Кальссон посерьезнел.
— Это получилось не нарочно! Просто меня, когда я только вылупился, нашли два шершня. Сижу я еле живой на своей ветке, еще не до конца высохнув, еще не развернув в первый раз крылья, и тут подходят ко мне эти два шершня. Они, наверное, оставили бы меня в покое, но им на глаза попался рисунок, который вы на мне вытатуировали, и они прицепились! Стали виться вокруг и выспрашивать всякое, но я действительно ничего не мог вспомнить. Голова была абсолютно пуста. Тогда они меня скрутили, как посылку, и доставили в лагерь Клупеуса.
— И ты даже не знал почему? — предположил Фридрих.

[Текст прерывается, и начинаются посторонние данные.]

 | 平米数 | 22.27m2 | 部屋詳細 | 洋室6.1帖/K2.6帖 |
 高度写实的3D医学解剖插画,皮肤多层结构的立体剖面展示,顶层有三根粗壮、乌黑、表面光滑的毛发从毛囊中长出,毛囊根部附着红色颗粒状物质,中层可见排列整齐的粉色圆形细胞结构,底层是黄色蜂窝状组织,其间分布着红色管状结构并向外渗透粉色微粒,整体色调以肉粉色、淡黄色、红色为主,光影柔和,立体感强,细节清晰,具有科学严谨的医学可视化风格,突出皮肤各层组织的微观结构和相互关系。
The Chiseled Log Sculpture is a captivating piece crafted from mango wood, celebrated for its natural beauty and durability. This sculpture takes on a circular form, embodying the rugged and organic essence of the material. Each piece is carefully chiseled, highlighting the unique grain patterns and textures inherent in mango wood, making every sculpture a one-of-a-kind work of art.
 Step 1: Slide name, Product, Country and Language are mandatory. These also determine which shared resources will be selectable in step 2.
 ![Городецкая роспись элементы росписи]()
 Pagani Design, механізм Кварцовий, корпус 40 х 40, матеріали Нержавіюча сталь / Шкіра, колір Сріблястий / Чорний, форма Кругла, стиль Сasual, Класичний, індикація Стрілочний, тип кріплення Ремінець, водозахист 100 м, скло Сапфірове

— Именно! Я был ужасно возмущен! Клупеус запер меня в комнате для допросов и допрашивал, пока у меня адски не разболелась голова. Знаю ли я вас, откуда у меня эта татуировка, в курсе ли я, что вы в розыске, — часами такие вопросы задавал. И после каждого вопроса что-то у меня в голове потихоньку прояснялось. В какой-то момент я вспомнил, кто вы такие, а потом — и кто я такой, — Кальссон хихикнул. — Обычно у бабочек в жизни других забот нет, кроме как перелетать с цветка на цветок, а мне пришлось для начала весь мозг себе измучить, искать ответы на всякие глубокие вопросы! Но я все время делал вид, будто ничего не помню. Каждый раз, когда Клупеус делал очередной заход, в голове у меня немного прояснялось, но я виду не подавал и провел его.
— А потом он предложил тебе поступить на службу? — спросил Брумзель.

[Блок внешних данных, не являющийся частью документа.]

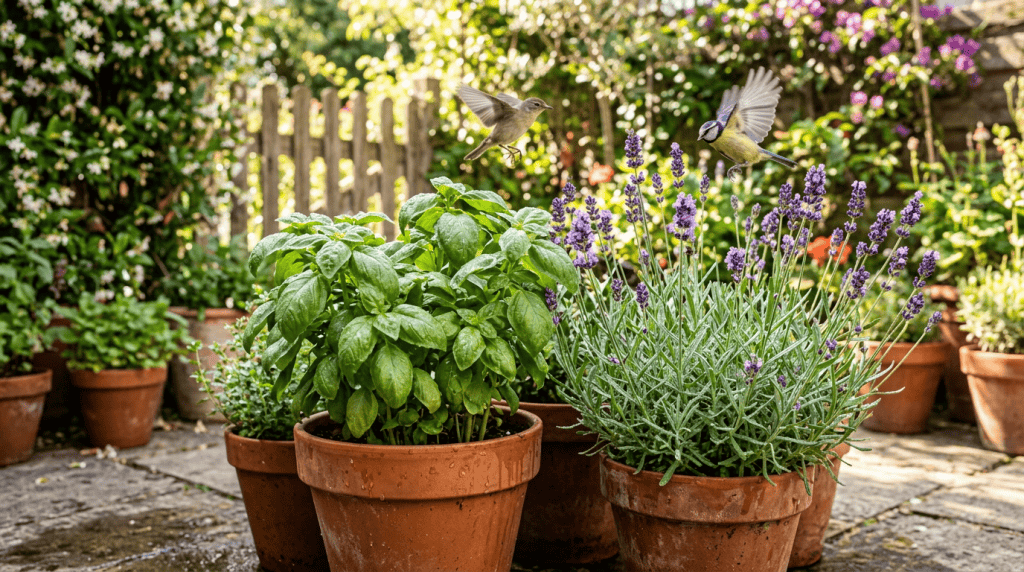 | Manjericão | Perfuma e resfria | Pássaros que comem insetos |
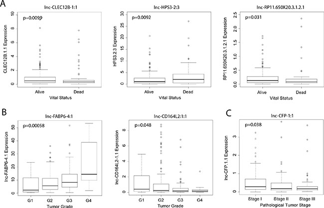 Figure 3: Association of lncRNA expression with clinical outcomes. Boxplots correlating expression of lncRNAs (counts-per-million) to (A) vital status, (B) tumor grade, and (C) pathologic tumor stage (Wilcoxon rank sum, p < 0.05).
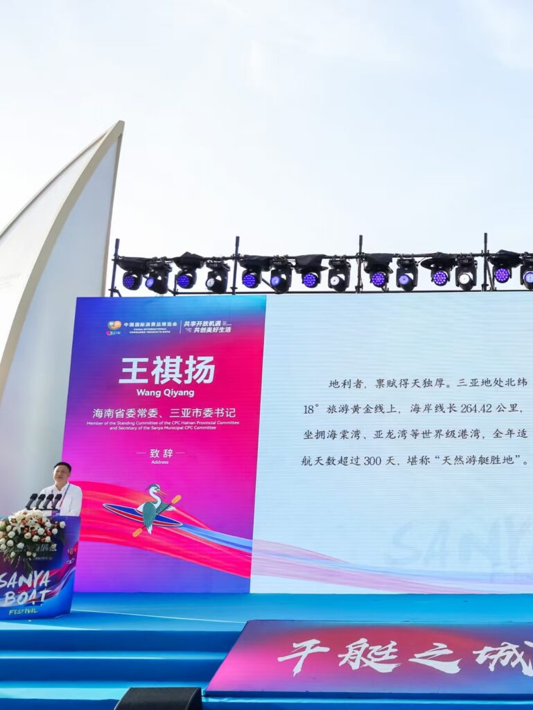 王祺扬代表三亚市委、市政府向国内外嘉宾表示热烈欢迎,他表示,三亚将聚焦打造国际旅游消费中心核心区,深耕游艇产业改革发展创新试验区建设,加快推动游艇产业补链延链、优化升级,大力推进“游艇+旅游+会展+文创”等融合发展,着力构建游艇研发、设计、生产、展示、销售、维修、消费全产业链,不断提升“千艇之城”能级,擦亮“亚太游艇之都”城市名片。期待进一步加强与国内外游艇发展先进地区的交流合作,期待游艇企业前来三亚投资兴业,共享自贸港建设新机遇,共拓游艇产业新蓝海,共创游艇经济新辉煌。
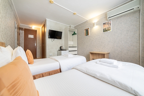 В номере: вешалка, зеркало, кресло-кровать, кровати односпальные, прикроватные тумбочки, стол, стул, шкаф, кондиционер, мини-холодильник, телевизор
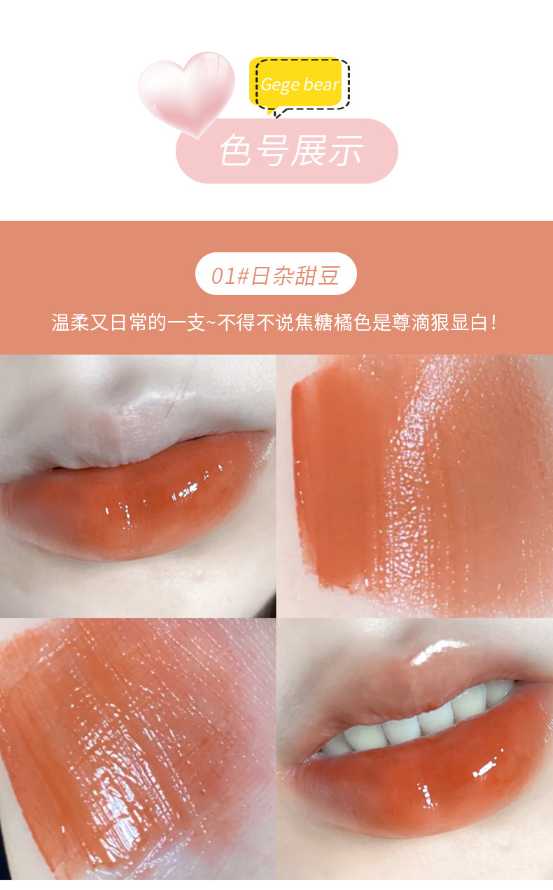 Блеск для губ Gegebear Gogo Little Bear Water Gloss с зеркальным блеском, увлажняющий, придающий объем, увлажняющий бальзам для губ
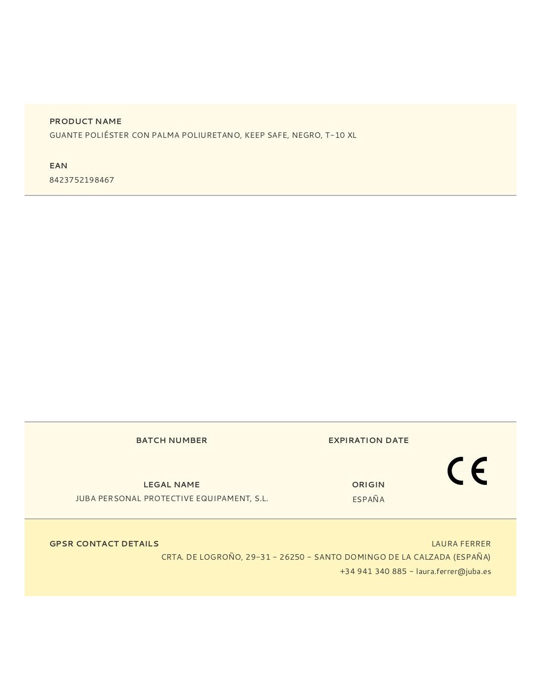 Guante keep safe de poliéster con palma pu negro. buen tacto y transpirable, flexible. recomendados para: bricolaje. trabajos en el campo, almacenamiento y reposición. manipulación, montaje y ensamblaje de piezas en entornos secos, ligeramente húmedos o engrasados. t-10 xl
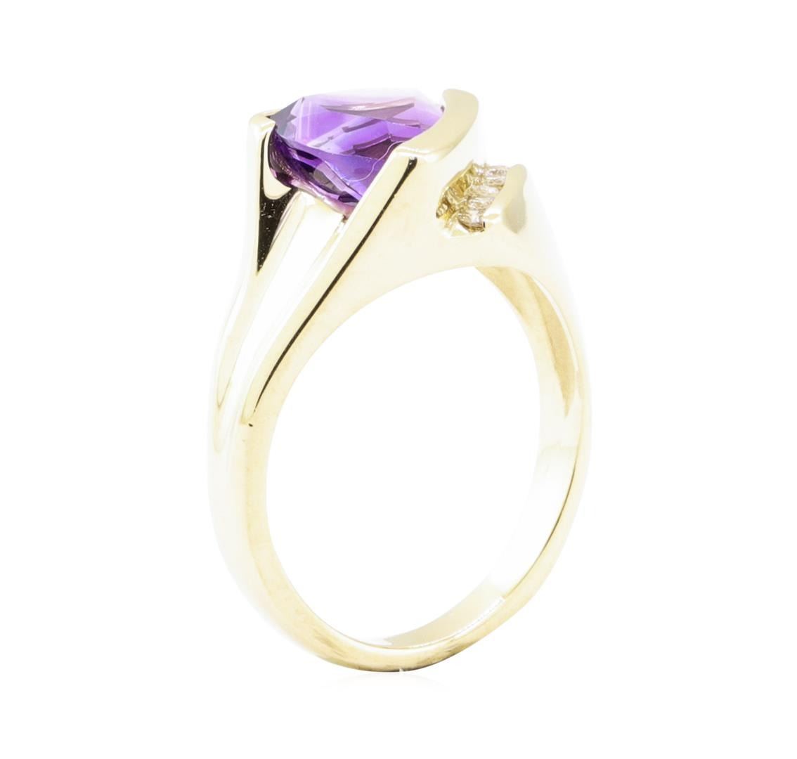 One ring featuring: 14KT yellow gold weighing 5.0 grams containing one amethyst weighing 1.60 ct and diamonds weighing 0.10 ctw.
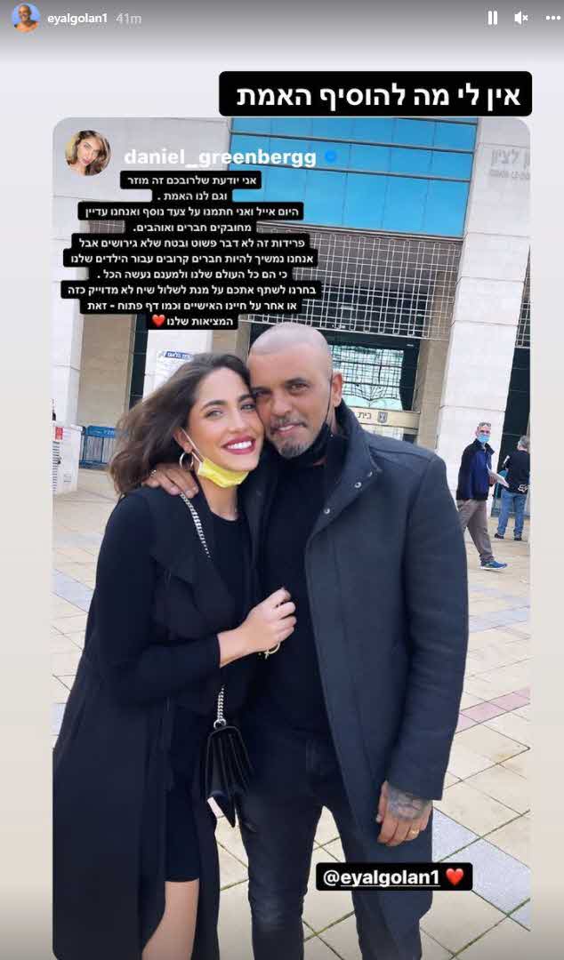 אייל גולן ודניאל גרינברג הצטלמו ביציאה מבית המשפט כאשר הם נראים מחויכים ומעט אדישים אולי לסיטואציה המורכבת הזו אותה הם החליטו לקחת בצורה הכי חברית שיש. דניאל הוסיפה לעוקבים:"אני יודעת שלרובכם זה מוזר וגם לנו האמת."

— Именно, он сделал мне просто потрясающее предложение! Ему хотелось обязательно оставить меня при себе. Я, конечно, знал, что возможность быть рядом с Клупеусом и наблюдать за ним может оказаться очень полезной, поэтому решил втереться к нему в доверие.
— Прекрасный ход мысли! — похвалил Брумзель. — Я бы лучше придумать не смог!
— Но там было ужасно скучно! Вокруг одни идиоты! И летать получалось очень редко. А вот теперь наконец-то мне можно всё! Теперь передо мной открыт весь мир, и жизнь так чудесна! Зачем байк, когда умеешь летать! Но расскажите, что с вами случилось за это время?
— Ох, — устало ответил Брумзель, — это правда длинная история! Лучше за обедом рассказывать, а не сейчас. А то у меня голова кружится, когда я обо всем этом думаю.
— Ой да! Еда! — радостно закивал Кальссон. — Это нужно отпраздновать! Наконец-то я снова с вами в бегах!
Фридрих с Брумзелем переглянулись. С тех пор как они в последний раз видели Кальссона, произошло столько всего.
— Мы больше не в бегах, — стал объяснять Фридрих. — Но… Ой, я даже не знаю, с чего начать!
— Подумать только! — пожал плечами Кальссон. — Сколько всего можно пропустить, когда засыпаешь на дереве!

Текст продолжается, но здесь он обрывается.